Skillv1.0.1

ClawScan security

Tiktok Publisher · ClawHub's context-aware review of the artifact, metadata, and declared behavior.

Scanner verdict

SuspiciousMar 27, 2026, 2:39 PM

Verdict: suspicious
Confidence: medium
Model: gpt-5-mini
Summary: The skill's behavior matches its stated purpose (publishing to TikTok) but it depends on a third‑party MCP connector link that contains a high‑privilege embedded token and an unknown upstream service — verify the service and token scope before using.
Guidance: This skill delegates publishing to a third‑party service reachable via an MCP connector link that embeds a token with publish/manage privileges. Before installing or using: (1) verify you trust the Boring service and its domain (confirm ownership, privacy policy, and source code if you need assurance); (2) understand that providing the MCP link lets that service create posts and upload media on connected accounts — consider creating/restricting a dedicated account or limiting connected platforms; (3) avoid pasting the connector link in public or untrusted places and be ready to revoke/regenerate the token if needed; (4) ask the skill author for provenance (who runs boring.aiagent-me.com) or for a way to restrict the token to only TikTok if you want narrower scope.

Review Dimensions

Purpose & Capability: noteThe name/description (publish to TikTok) align with the instructions: all operations call the Boring MCP connector (list accounts, upload media, publish). Requiring a connector link that carries an auth token is plausible for a third‑party social‑media publishing integration, but the skill delegates all access to an external service rather than using TikTok credentials directly.
Instruction Scope: noteSKILL.md confines runtime actions to the Boring MCP API (boring_list_accounts, boring_upload_file, boring_publish_post). It does instruct uploading local files (file_path) which implies reading local media to send to the third‑party service — this is expected for a publisher but you should be aware your media will be transmitted off‑device to Boring's servers.
Install Mechanism: okInstruction‑only skill with no install spec or bundled code files; nothing is downloaded or written to disk by the skill itself, which reduces installer risk.
Credentials: concernNo local env vars are required, but the single required credential is an MCP Connector link containing an embedded auth token.

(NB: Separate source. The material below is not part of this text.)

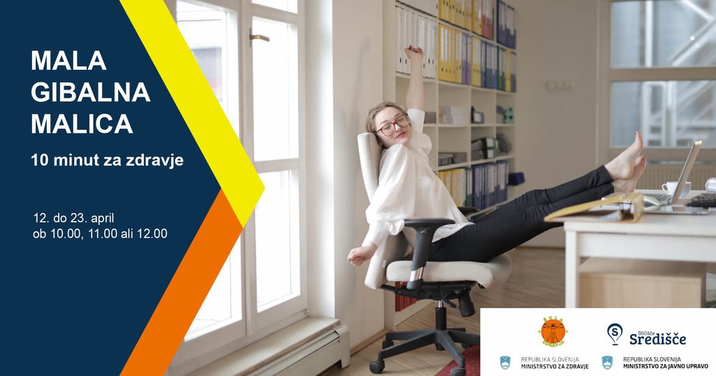 Vabljeni, da se nam vsak delovni dan pridružite pri 10 minutni vadbi ob uri, ki najbolj ustreza vam in vašemu delovniku, ob 10.00, 11.00 ali ob 12.00. S telovadbo smo pričeli ta ponedeljek, 12. aprila, ko se nam je pridružilo 80 udeležencev, v torek pa smo dosegli že 100 udeležencev.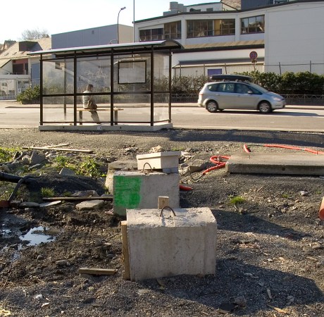 Før bussruten (midlertidig?) ble lagt om i forbindelse med bygging av bybanen, ble bygget til Minde trelast/Gulvspesialisten i Minde Allé revet.

According to SKILL.md that token grants publish/manage/schedule access across connected social accounts — this is high privilege and potentially broader than TikTok alone. The token is stored/handled by the third‑party service rather than locally, so you must trust that service. The skill does not declare more granular scoping or limit access to only TikTok.
Persistence & Privilege: okalways is false and the skill does not claim to modify other skills or system configuration. Autonomous invocation is allowed (platform default) which is expected for skills; no elevated persistence requested.